CALGARY, ALBERTA–(Marketwired – Nov. 6, 2015) –
NOT FOR DISTRIBUTION IN THE UNITED STATES OR OVER U.S. NEWSWIRE SERVICES
Enbridge Income Fund Holdings Inc. (the “Company”) (TSX:ENF) today announced the closing of its previously announced public offering of common shares (“Common Shares”) of the Company. The Company, through a syndicate of underwriters comprised of TD Securities Inc., Scotiabank, RBC Capital Markets, BMO Nesbitt Burns Inc., CIBC World Markets Inc., National Bank Financial Inc., HSBC Securities (Canada) Inc., Credit Suisse Securities (Canada), Inc., Desjardins Securities Inc., FirstEnergy Capital Corp., GMP Securities L.P., Peters & Co. Limited, AltaCorp Capital Inc. and Macquarie Capital Markets Canada Ltd., issued a total of 21,475,000 Common Shares at a price of $32.60 per Common Share (the “Offering Price”) for gross proceeds of $700,085,000. The underwriters have been granted an over-allotment option, exercisable until December 6, 2015, to acquire up to an additional 3,064,877 Common Shares at the Offering Price.

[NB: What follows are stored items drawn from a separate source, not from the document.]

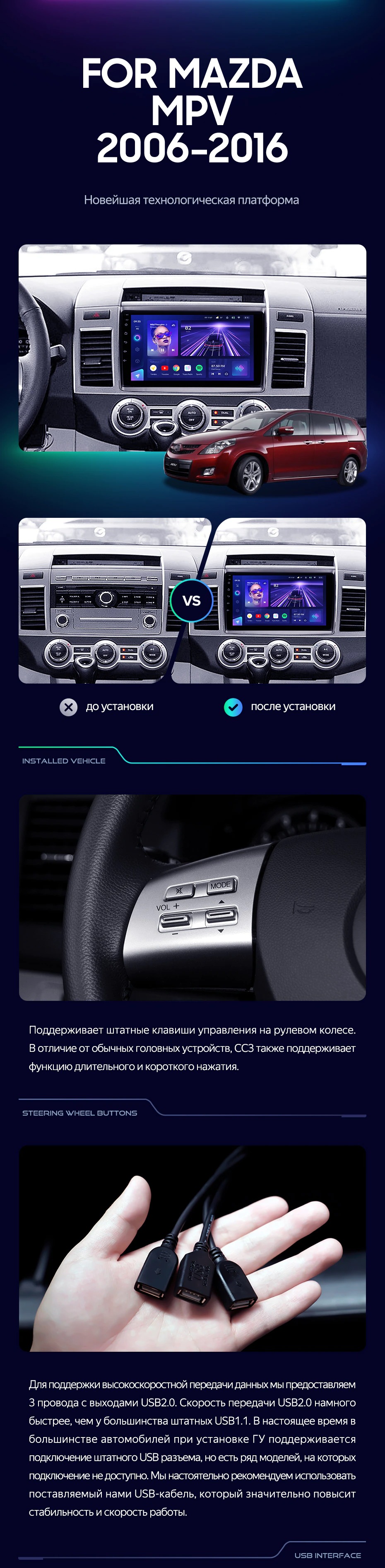 Штатная магнитола Teyes CC3 4/32 Mazda MPV LY (2006-2016) - купить всего за 34 230 руб. в интернет-магазине в Костроме Teyes.com.ru. ✓ Самый лучший выбор мультимедиа ✓ Лучшая замена штатному ГУ ✓ Тел. +7 (800) 775-31-74
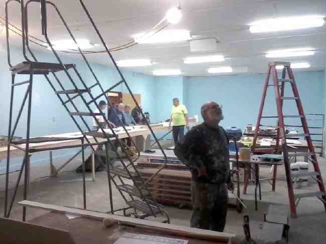 George is inspecting the touch-up paint work while the track crew is going back-and-forth on where to put a switch.
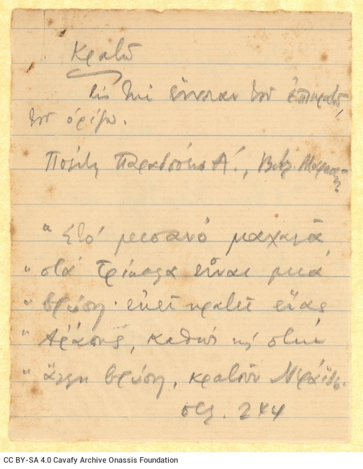 ΑΡΧΕΙΟ ΚΑΒΑΦΗ, Κ. Π.
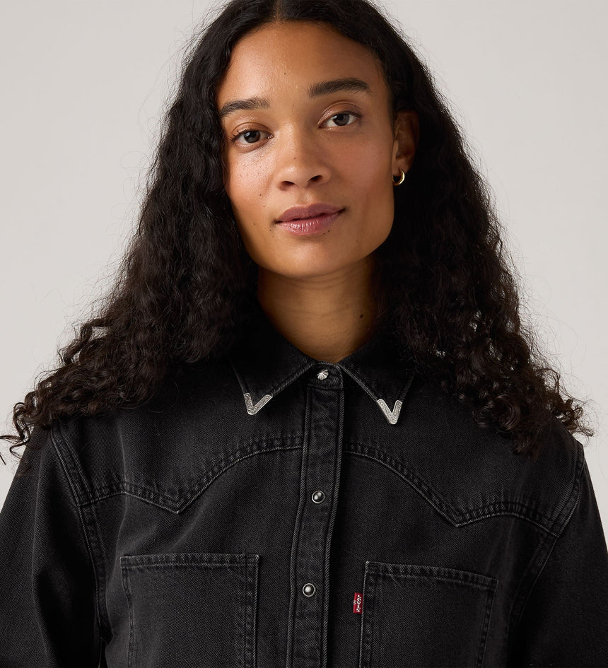 Cowboy boots not included. Our Teodora Western Shirt is a feminine take on a western staple, with a classic snap-button front, two patch pockets, a relaxed fit and a western-inspired yoke design.
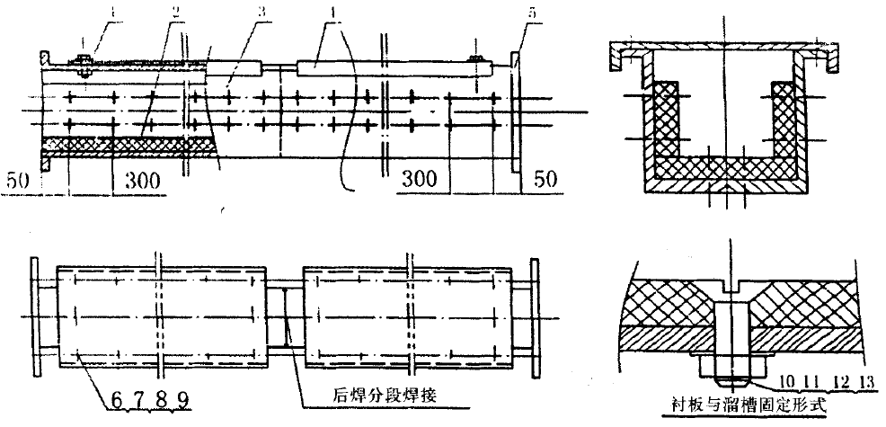 1-橡膠密封條(&=2rmn) 2-耐磨鋼板;3-溜槽;4-蓋板;5-端法蘭; 6-9_螺栓、螺母、密封圈10-13-沉頭螺釘、螺母、平墊、密封圈
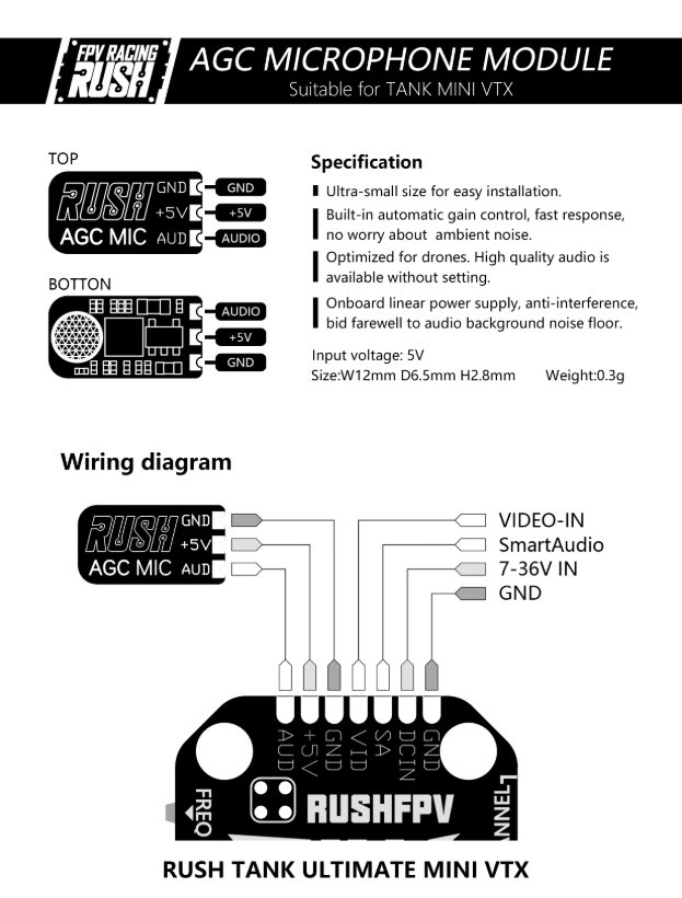 - 1x Rush FPV Ultra-small External Automatic Gain Control VTX Microphone
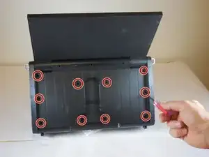 Отвинтите десять винтов на задней стороне устройства с помощью отвёртки PH0 с длинной шейкой.
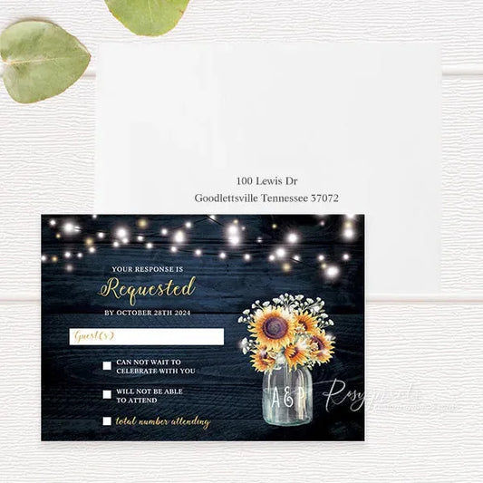 rustic light blue and yellow sunflower wedding invitations ROSYP44
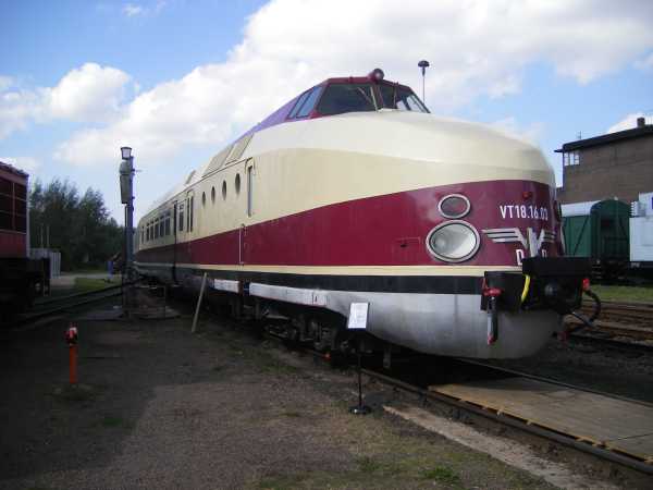 SVT 137 856 Bauart KÖLN DB Museum Halle/Saale 03.07.2010 Er wurde 1938 von Linke-Hofmann-Busch in Breslau gebaut. Ab 1945 USA 4 und 1956 als SVT 06 109 zur DB. 1958 wurde er bei der DR zum SVT 137 856, wo er am 03.03.1982 ausgemustert wurde. Seit 2000 bei Förderverein "Diesel-Schnelltriebwagen". |
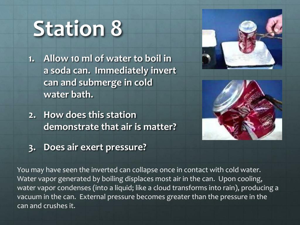 Station 8 • Allow 10 ml of water to boil in a soda can. Immediately invert can and submerge in cold water bath. • How does this station demonstrate that air is matter? • Does air exert pressure? You may have seen the inverted can collapse once in contact with cold water. Water vapor generated by boiling displaces most air in the can. Upon cooling, water vapor condenses (into a liquid;like a cloud transforms into rain), producing a vacuum in the can. External pressure becomes greater than the pressure in the can and crushes it.
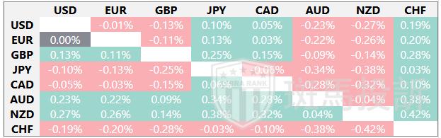 下表显示了美元(USD)对所列主要货币今日的变动百分比。[货币名称]对[货币名称]最强。
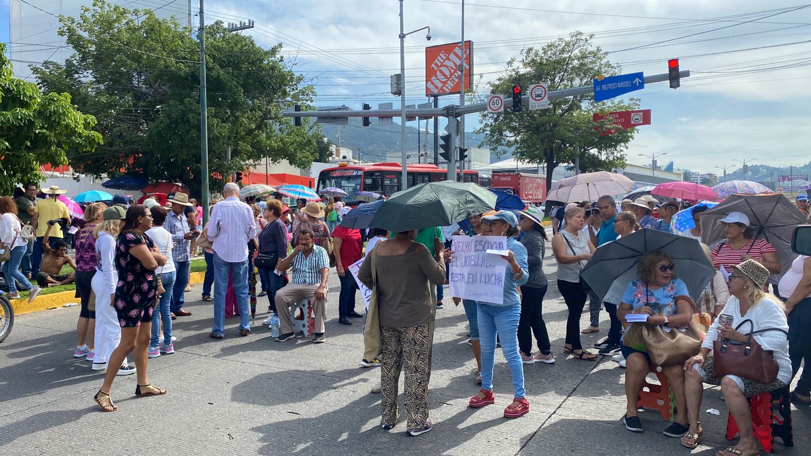 Acapulco,Gro., a 26 de junio del 2023.-Maestros adheridos al Sindicato Nacional de Trabajadores de la Educación (SNTE) realizaron dos bloqueos, uno sobre la avenida Cuauhtémoc y otro sobre la Costera Miguel Alemán a la altura del asta bandera para exigir se resuelvan las demandas que ha generado afectaciones en los profesores jubilados.
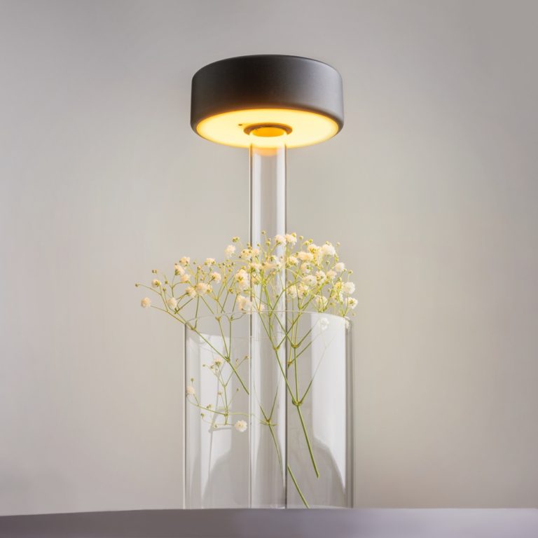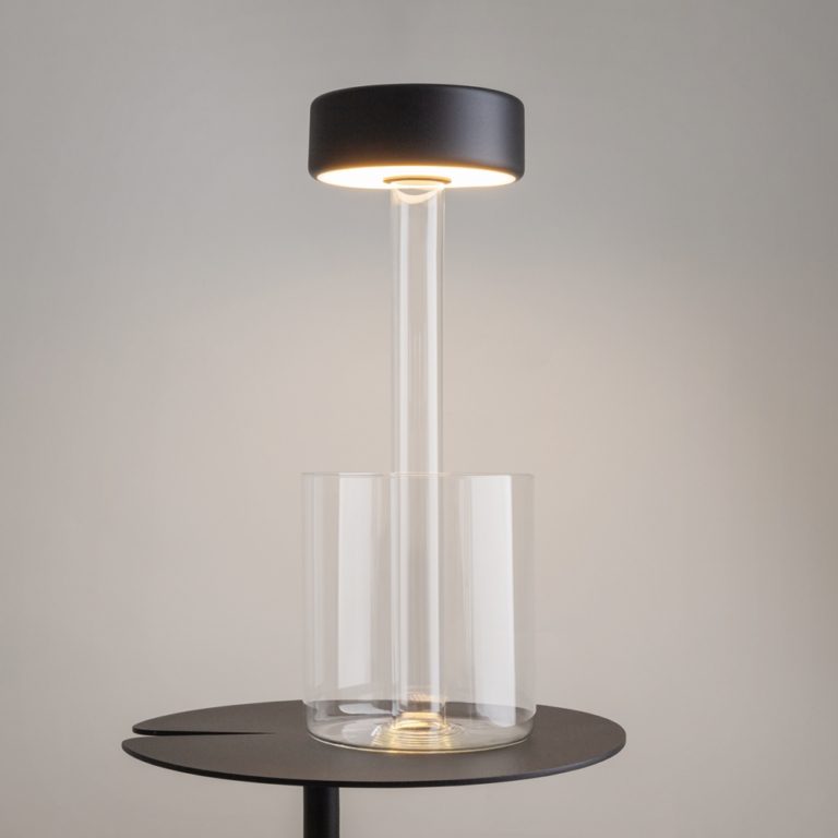 Jedną z głównych cech lampy szklanej Al Collaboration jest także zintegrowane oświetlenie LED o barwie światła od ciepłej do neutralnej. Ponadto unikatowa lampa stołowa Al Collaboration na szklanej podstawie posiada praktyczny włącznik dotykowy. Model ładuje się przy użyciu kabla USB.

Concurrent with closing, Enbridge Inc. (TSX:ENB)(NYSE:ENB) subscribed for 5,335,000 Common Shares on a private placement basis at the Offering Price for aggregate proceeds of $173,921,000 to maintain its 19.9% ownership interest in the Company. If the over-allotment option is exercised, Enbridge Inc. is expected to concurrently subscribe for such a number of additional Common Shares at the Offering Price to maintain its 19.9% ownership interest in the Company.
Proceeds from the offering and the private placement will be used by the Company to acquire ordinary units (“Fund Units”) of Enbridge Income Fund (the “Fund”) at the Offering Price. The Fund will in turn use the proceeds to fund secured capital growth projects associated with the Canadian liquids pipeline assets owned by Enbridge Pipelines Inc. and Enbridge Pipelines (Athabasca) Inc.
As a result of the acquisition of Fund Units with the proceeds of the Offering, the Company now holds 50.8% of the issued and outstanding Fund Units and the Company’s economic interest in the Fund and its investments increased from 8.1% to 10.8%. If the over-allotment option is exercised in full, the Company’s interest in the Fund is expected to increase to 51.8%.
This news release does not constitute an offer to sell or a solicitation of an offer to buy the Common Shares in any jurisdiction. The Common Shares offered have not been registered under the United State Securities Act of 1933, as amended, and may not be offered or sold within the United States.
ABOUT ENBRIDGE INCOME FUND HOLDINGS INC.
Enbridge Income Fund Holdings Inc. is a publicly traded corporation. The Company, through its investment in Enbridge Income Fund, holds high quality, low risk energy infrastructure assets. The Fund’s assets consist of a portfolio of Canadian liquids transportation and storage businesses, including the 2,306-kilometre Canadian segment of the Mainline System (the largest conduit of oil into the United States), the Regional Oil Sands System, the Canadian segment of the Southern Lights Pipeline, Class A units entitling the holder to receive defined cash flows from the US segment of the Southern Lights Pipeline, a 50 percent interest in the Alliance Pipeline and interests in more than 1,400 megawatts of renewable and alternative power generation capacity. Information about Enbridge Income Fund Holdings Inc. is available on the Company’s website at www.enbridgeincomefund.com.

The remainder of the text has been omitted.